Of course, it's not all been a bed of roses. You throw tantrums, you ignore us, you disobey us and those are trying times. I'll like to think that you're generally a good kid, but you can be sure of one thing: Papa and I will not spoil you. If you behave badly, we will reprimand and punish you accordingly. We will not tolerate disrespect, rudeness and any form of bratty behavior, so you can continue to test the boundaries; rest assured that we will do our part as parents to put you in place.

Being a mom to you continues to be the best thing I've ever done in my life. The past 17months has honestly been amazing growth for me too - learning to be a mom, a better person, a better wife, is the most challenging and rewarding job ever. You have made my life so much better, with more to look forward to, you are the meaning in my life.

Happy 17 months, Kate Kate. I love you.

Love always, Mommy

Wednesday, February 16, 2011

39.2

That's the highest temperature that Kate hit today, poor girl has a bug - diarrhea & fever. But, she's still in good spirits, my strong little trouper!

Roars goes the spunky girl

Kate's first sentence

Kate's (damn) good father has been teaching her to request for food in the proper way. Like, no wailing, no crying, even saying 'mum mum' alone ain't good enough. He'll say "I. Want. To. Eat." word by word, and Kate will parrot him. This has been going on for a while now, and I must admit, he's been the only one training her.

Last night, at dinner, our not-so-baby-girl said her first sentence! She was two days shy of turning 17-months-old.

"Please, I want to eat."

Video: http://www.facebook.com/#!/video/video.php?v=10150091849004296&comments

Aaahh, simple words never sounded sooo good to my ears.

I'm so proud of you, dear Kate *beams

Monday, February 14, 2011

Inked


Kate, the treasure at the end of the rainbow

You say this is my belated x'mas gift, I much prefer to regard it as my Valentine's Day gift.

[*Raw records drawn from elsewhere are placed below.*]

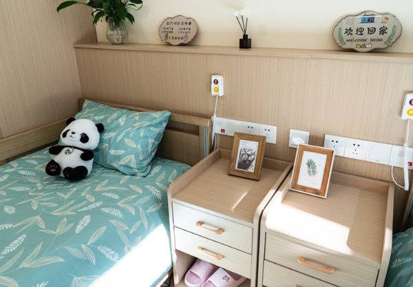 ▷ 设施配置 | □ 规模:普亲长辛店老年养护中心建筑面积4000平米,配备电梯门禁、24小时监控、智能护理床、一键呼叫系统;□ 安全细节:卧室家具无尖角、适配轮椅使用,防滑静音地胶;□ 配套设施:康复训练设备、老年娱乐健脑器材,24小时中央热水。
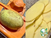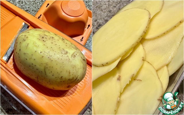 Значит, первым делом взял я крупную картофелину и её Слайсировал. Вот так! Не ножиком вульгарно – тонко нарезал, а именно на слайсере - слайсировал!
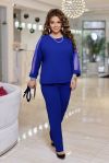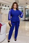 Жіночий комплект двійка, що складається з класичних штанів та блузки. Комплект виконаний з обробкою з сітки . Блузка напівприлеглого силуету. На рукавах є вставки з сітки. Виріз горловини округлий.
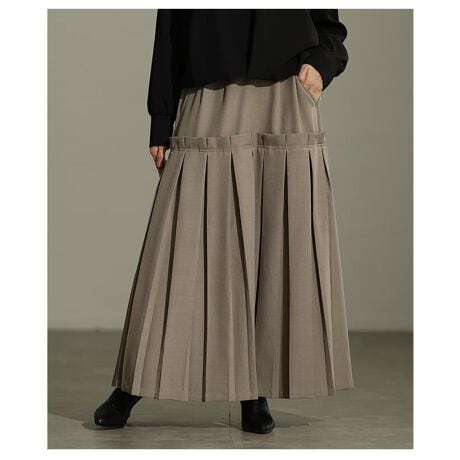 【スカート】 レディース ボトムス プリーツ ロング 無地 フェミニン グレージュ ブラウン
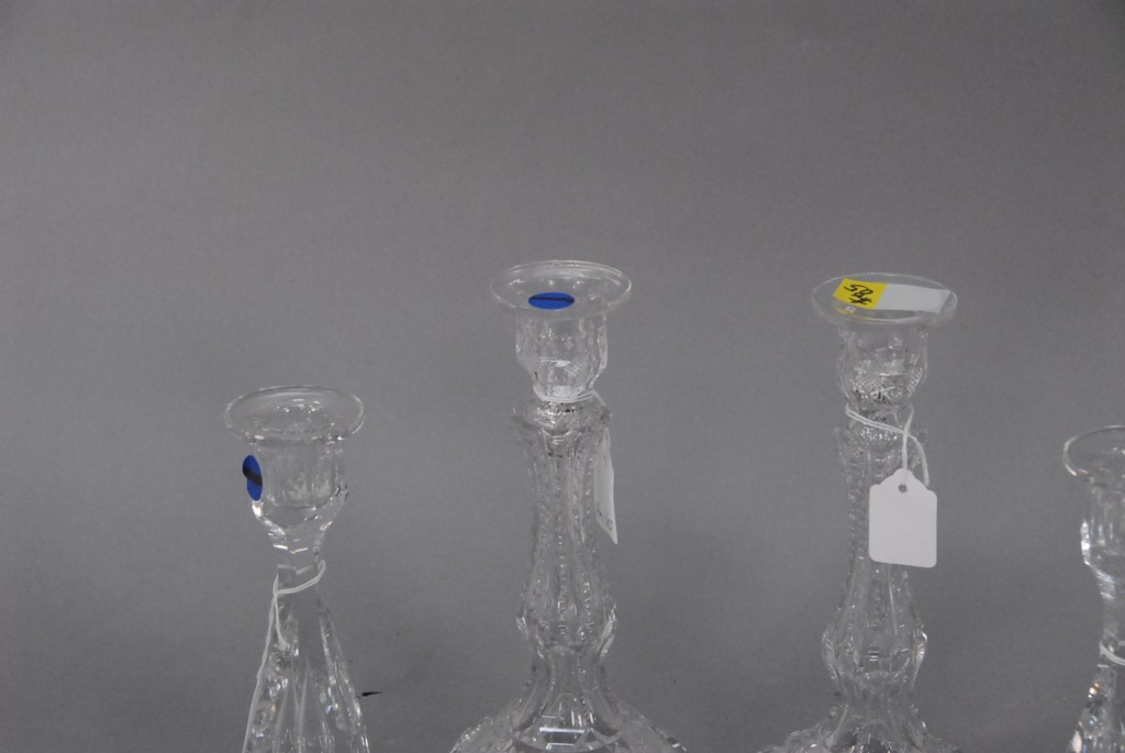 Lot 93: Two pairs of cut crystal candlesticks, one base with small chip and one top with minute chip, ht. 10 and ht. 8.
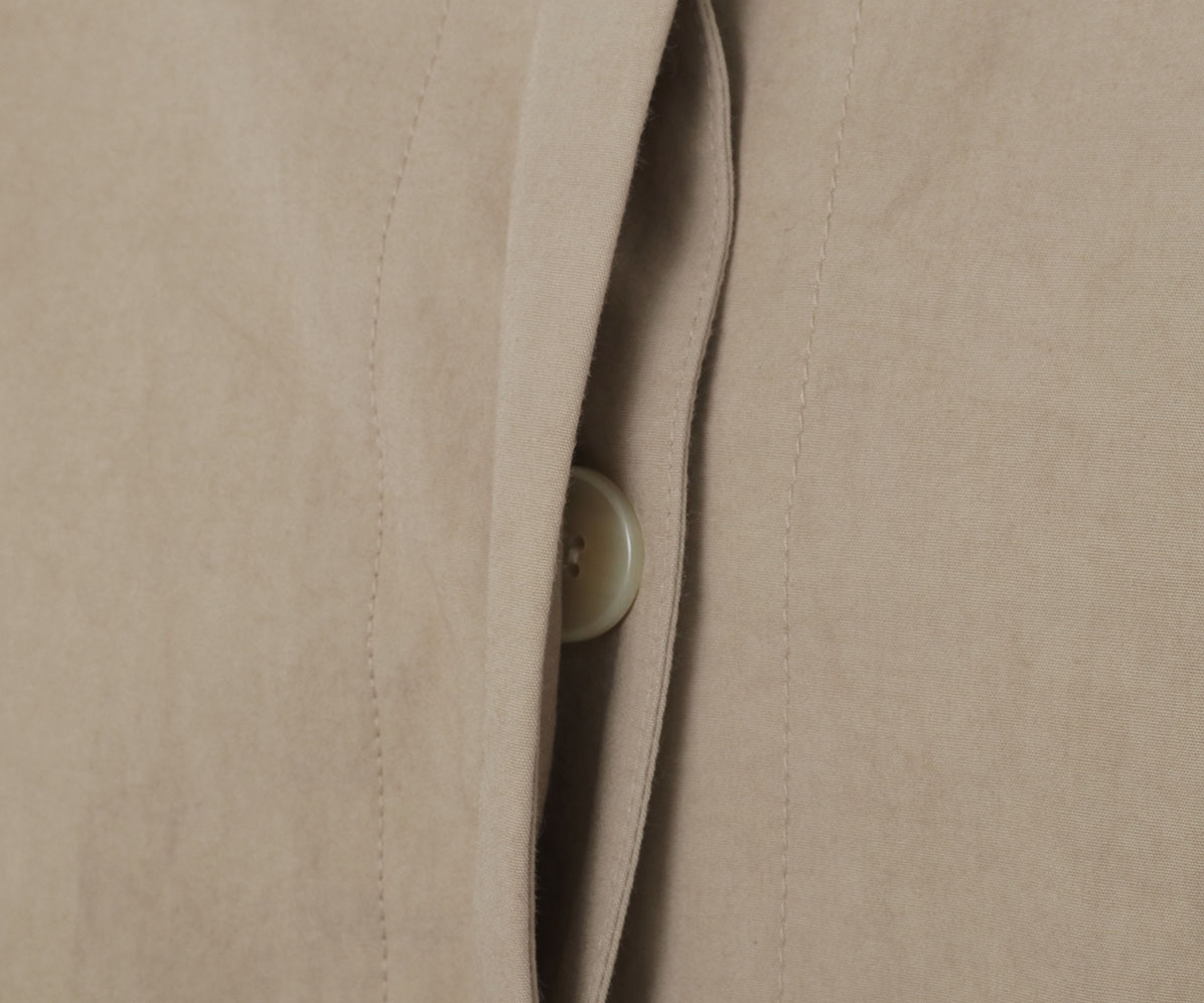 カバーオールタイプのハーフコートはワーク調でありながら比翼始末ですっきりと、大きいマチ付きポケットがポイントです。

Kate is the result of our love and I think this gift is perfect! We'll always remember V-day this year.

Thanks and I love you!

Happy, busy weekend

Oh how quickly good times fly by. The 2nd weekend of Lunar New Year is over; Saturday was spent in a flurry with Kate and I doing CNY visiting with the MIL & Dage's family (the husband was exempted because he was "working" - in both the real and "visit-friend" house sense - the sister will get this). The night was then spent at Mom's with the brother's friends visiting. I had my tummy-tum-fill of steamboat - Mom's steamboat is the best!

Huat yusheng with the brother & our guests at home - photo credit Jean & Jon

Sunday was spent with the husband and Kate. We ventured to The Central and had ramen.

Mucking around with Kate

Monkey-face Kate!

We then headed to the airport for dinner with the family and to send my cousin off. He's going off on a new adventure, studying overseas (oh how fun & so much to look forward to!) for the next two years. It was fun at the airport, watching Kate run all over the place in sheer exhilaration! She brings such joy to our lives.

Lovely shot of my loves

Saturday, February 12, 2011

Baby in a basket

A laundry basket, that's what it is. And let me mitigate all accusations that it was the husband or I who put her in there. We have to give this spunky little one some credit - she did it all on her own.

She was playing with it, pulled it out of the bedroom and into the living room. It fell over and she crawled in, wanting to pick up the hangers that were at the bottom of it. Haha, rather funny I must say. But she didn't enjoy being stuck inside.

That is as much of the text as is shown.